Estimate-Proven reservesFigure 3. Estimated proven reserves and yet to find for Russia compared to other major petroleum-rich countries.

 

Stranded Fields

The Soviet system encouraged the development of highly specialized and separate organizations. Drilling departments, exploration, development and other groups did not interact and had separate goals and missions. Geophysicists worked in centers away from geologists, major research centers were established in multiple institutes and responsibilities carved up by area. Entire towns and Universities were created over large fields and it is not uncommon to find geologists today who come from a family with a 70 year or greater past of parents, grandparents, cousins and brothers and sisters all working in the same basin and for the same companies.

This inefficient structure of vertically organized disciplines and departments resulted in large numbers of discovered fields that have never been fully studied or brought online (Figure 5). Explorers did a great job of finding things, often in remote locations like East Siberia and often in unusual accumulations (like glacial pre-Cambrian sediments sourced from pre-Cambrian source rocks, also in East Siberia).

Exploration history-RussiaFigure 4. Russian post WWII exploration history. Success breeds complacency and a sense of “why change?” The flattening of the creaming curve in 1989 is as much due to funding collapse as it is to difficult geology and lack of new “running room”.

 

As a result, with the collapse of the soviet oil industry in 1989, many companies have focused their money on infrastructure development and bringing these stranded fields online. Thousands of shareholders were created in the early 1990’s as state companies were dissolved. Entrepreneurial investors quickly bought up shares from impoverished staff and grew truly giant companies from the remnants of the old system.

TNK-BP, for instance, has over 60,000 employees assembled from over 600 smaller companies. Infrastructure problems in all companies are significant, with oil spills, leaks from pipelines, aging refineries, stranded accumulations and centralization of control of pipelines in state hands causing a focus on development and not exploration. Companies continue to consolidate into large groups and the state has clearly stated its desire to regain a strong control of its resources. Today, the state-run behemoths of Rosneft and Gazprom have signifcant resources and political clout. Gazprom alone controls 17% of the world’s proven gas resources.

Gas in W. Siberian basinFigure 5. Over 270 TCF of gas alone is stranded in known discoveries in the West Siberian basin. Hundreds of smaller pools still await development or access to pipelines. Circle size varies by recoverable MMBOE.

Anyone trying to work here successfully needs to learn one simple rule: respect your Russian peers. Despite what today are considered historically outdated exploration techniques, the simple fact remains that the Russian oil industry succeeded without help from the west. One of the ironies all technical people face is that past success using old methods will often lead to a sense of complacency. Older Russian oil-finders in all companies, and particularly within the University system, have been incredibly successful finding oil. Westerner’s who ignore this do so at their peril, for the prevailing attitude is “I have found more oil and gas than you so why are you telling me to do it differently?” Or, as another friend of mine pointed out “they were asked to find oil and they did.
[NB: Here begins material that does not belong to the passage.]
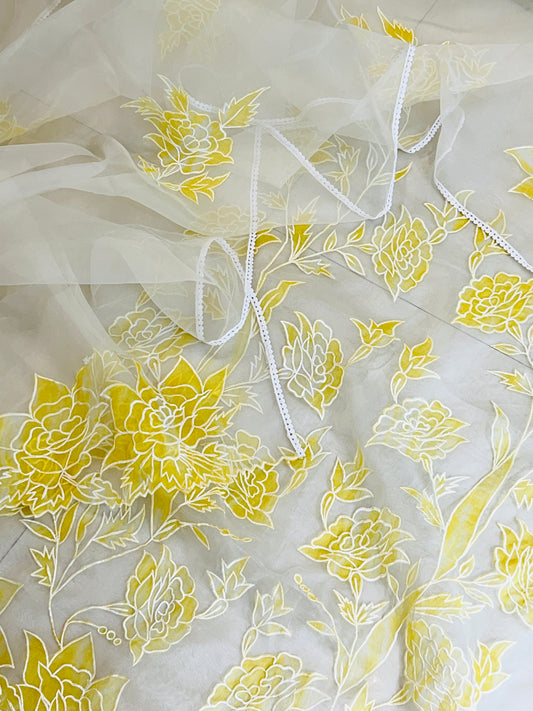 SHEER LUXURY PURE SILK ORGANZA OMBRÉ APPLIQUE SUIT SHEER001C

They just weren’t asked to find it economically”.

Most of the expatriates I know in Russia who have failed and returned home disgruntled with the difficult work environment simply forgot to pay homage to the past, point out the future is more difficult and that today, making money is just as important as finding accumulations.

Production by companyFigure 6. Production by company. Over 150 small companies remain with production under 10,000 BOPD. Bringing stranded fields online and improving production in existing fields has largely consumed the Russian oil industry in the last decade.